0
votes

My question is how much data are we allowed to process on bigquery. I am using stackoverflow's kaggle dataset to analyze the data, and the text I am analyzing is around 27gb. I just want to get the average length per entry, so I do

query_length_text = """
    SELECT 
        AVG(CHAR_LENGTH(title)) AS avg_title_length,
        AVG(CHAR_LENGTH(body)) AS avg_body_length
    FROM
        `bigquery-public-data.stackoverflow.stackoverflow_posts`
"""

however this says:

Query cancelled; estimated size of 26.847077486105263 exceeds limit of 1 GB

I am only returning one float, so i know that isn't the problem. Is the 1gb on the processing too? How do I process it in batches, so I do 1gb at a time?

1
Did you set a custom quota for yourself? Or did your project administrator set one?
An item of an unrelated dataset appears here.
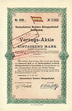 - ^ Joachim, Hahn. "Hochseefischerei Nordstern AG - Frosta die zweite DM-Emission". Hahn Historische Wertpapiere, alte Aktien und Sammleraktien, gedruckte Schmuckaktien, Aktienbilder, Anleihen, Obligationen, Schuldverschreibungen (in German). Retrieved 2018-08-27.

You need to remove or override the 1GB limit that you set. - Elliott Brossard
I now see that Kaggle has a 1gb limit, which can be overriden by using the max_gb_scanned parameter. thanks! - Rafay Kalim
I'm glad you figured it out! Consider adding an answer with the steps that you took in case someone else has the same problem in the future. - Elliott Brossard

1 Answers

3
votes

So Kaggle by default sets a 1GB limit on requests (to prevent your monthly quota of 5TB to run out). This is what causes this to happen. To prevent this, you can override it by using the max_gb_scanned parameter like this:

df = bq_assistant.query_to_pandas_safe(QUERY, max_gb_scanned = N)

where N is the amount of data processed by your query, or any number higher than it.